# INSTRUCTIONS FOR THE TASK
Word for word, restate the lines of the data below between those holding "2019年4月18日星期四中" and "Pareo šatka D95CH", inclusive; pictures do not belong in the copy.

# EXERCISE DATA
====
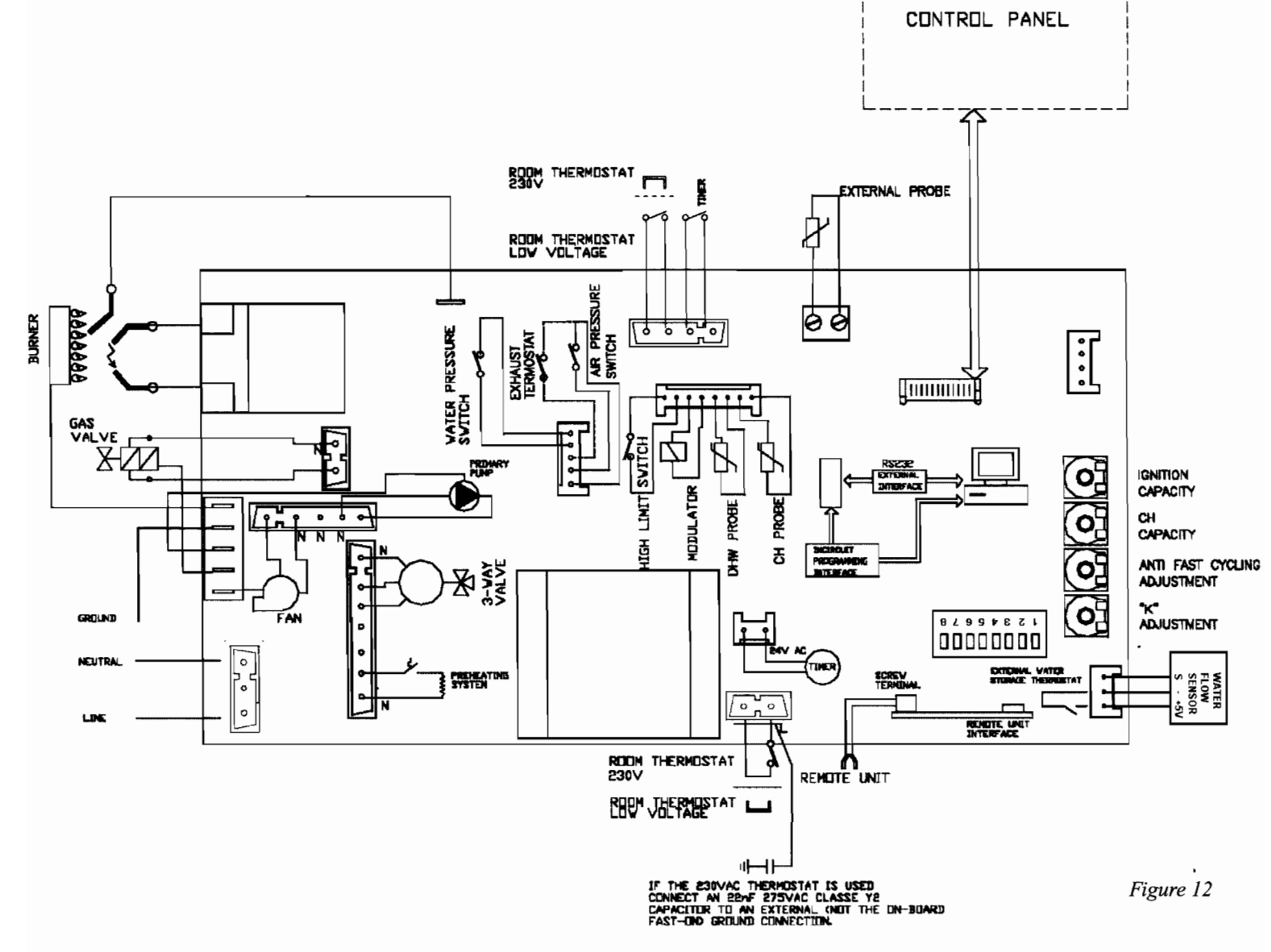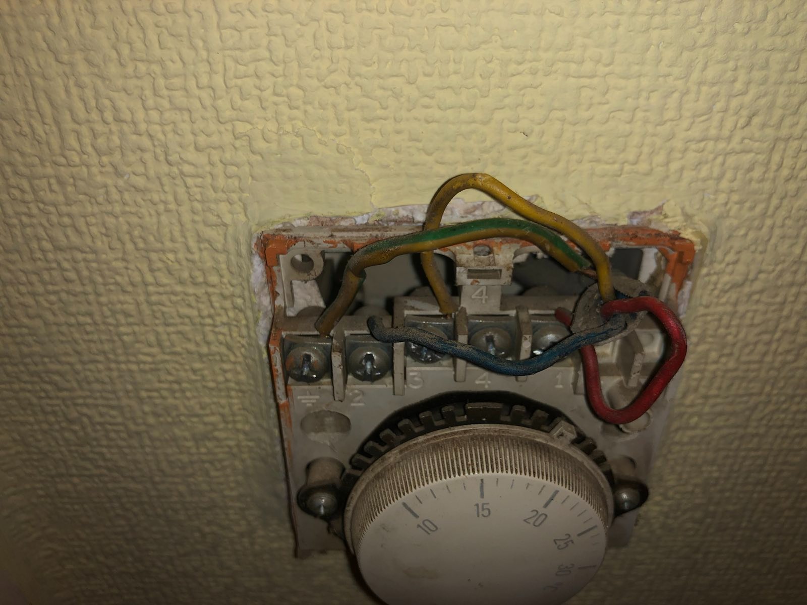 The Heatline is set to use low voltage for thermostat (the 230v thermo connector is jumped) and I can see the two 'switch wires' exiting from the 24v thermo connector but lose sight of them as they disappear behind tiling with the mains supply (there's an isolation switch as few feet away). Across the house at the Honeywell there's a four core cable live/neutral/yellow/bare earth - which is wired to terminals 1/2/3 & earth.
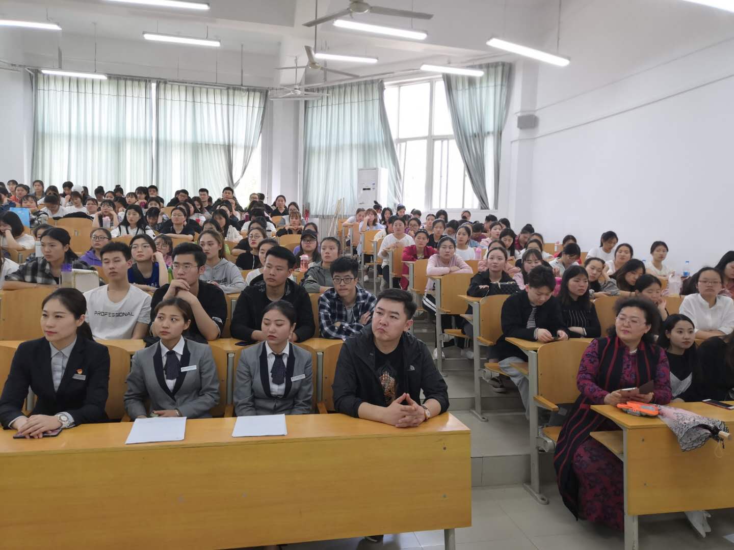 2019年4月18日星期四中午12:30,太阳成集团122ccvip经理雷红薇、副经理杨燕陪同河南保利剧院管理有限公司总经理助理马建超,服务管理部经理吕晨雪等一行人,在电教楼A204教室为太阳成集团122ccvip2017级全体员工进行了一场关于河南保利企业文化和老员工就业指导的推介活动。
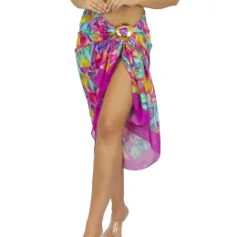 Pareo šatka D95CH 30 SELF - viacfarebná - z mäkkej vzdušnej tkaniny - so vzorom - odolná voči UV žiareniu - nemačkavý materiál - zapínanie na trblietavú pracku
====
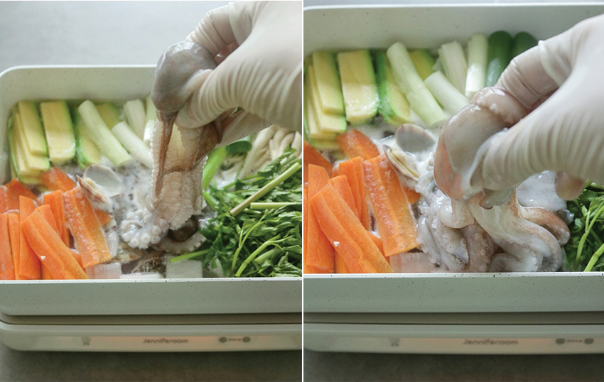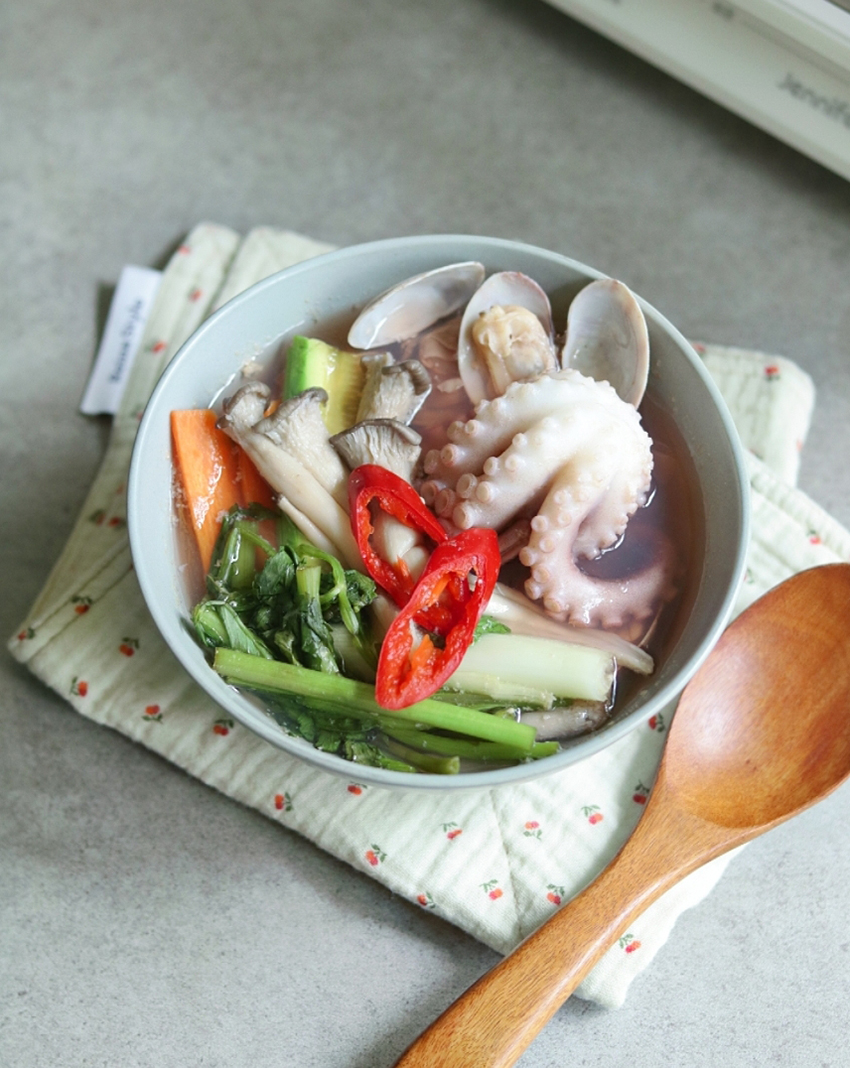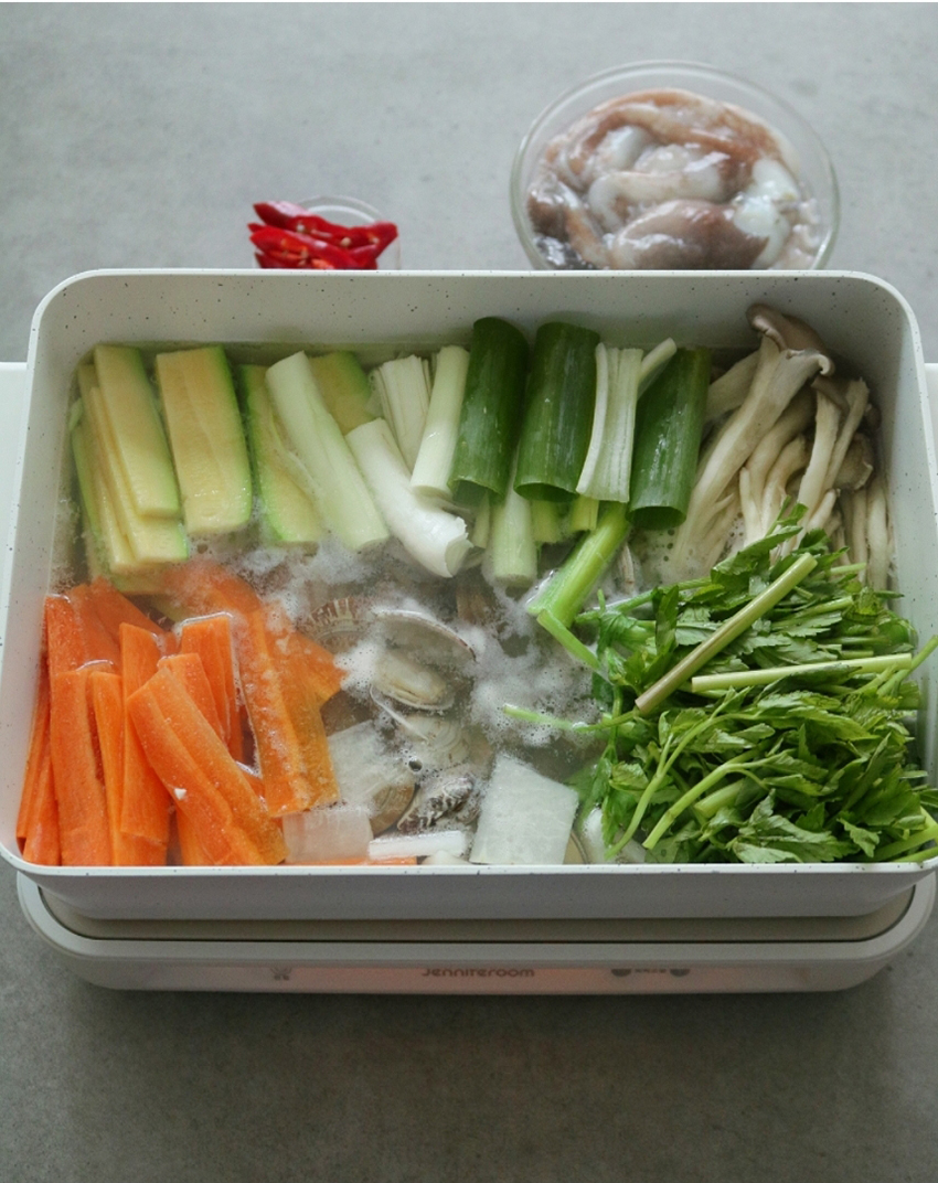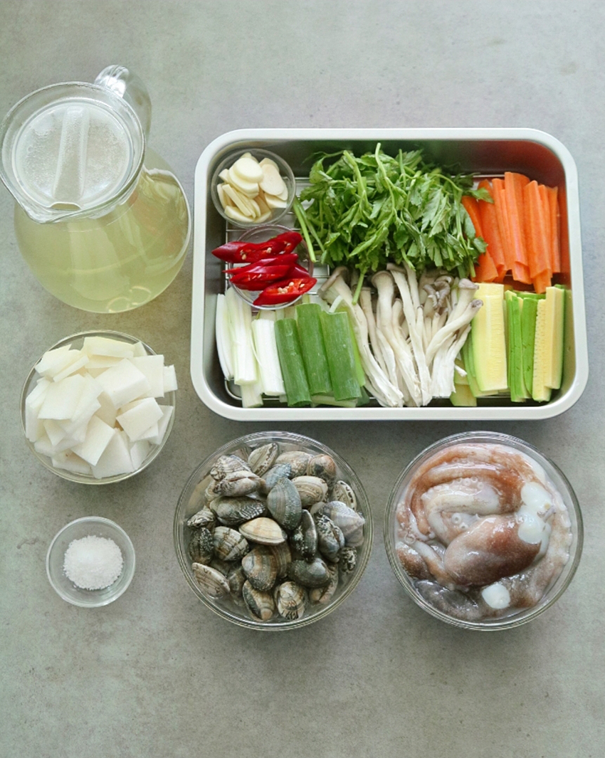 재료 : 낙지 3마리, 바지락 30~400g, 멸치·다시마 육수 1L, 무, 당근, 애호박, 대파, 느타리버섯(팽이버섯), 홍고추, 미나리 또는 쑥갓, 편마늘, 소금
====
# EXERCISE SOLUTION
 2019年4月18日星期四中午12:30,太阳成集团122ccvip经理雷红薇、副经理杨燕陪同河南保利剧院管理有限公司总经理助理马建超,服务管理部经理吕晨雪等一行人,在电教楼A204教室为太阳成集团122ccvip2017级全体员工进行了一场关于河南保利企业文化和老员工就业指导的推介活动。
 Pareo šatka D95CH 30 SELF - viacfarebná - z mäkkej vzdušnej tkaniny - so vzorom - odolná voči UV žiareniu - nemačkavý materiál - zapínanie na trblietavú pracku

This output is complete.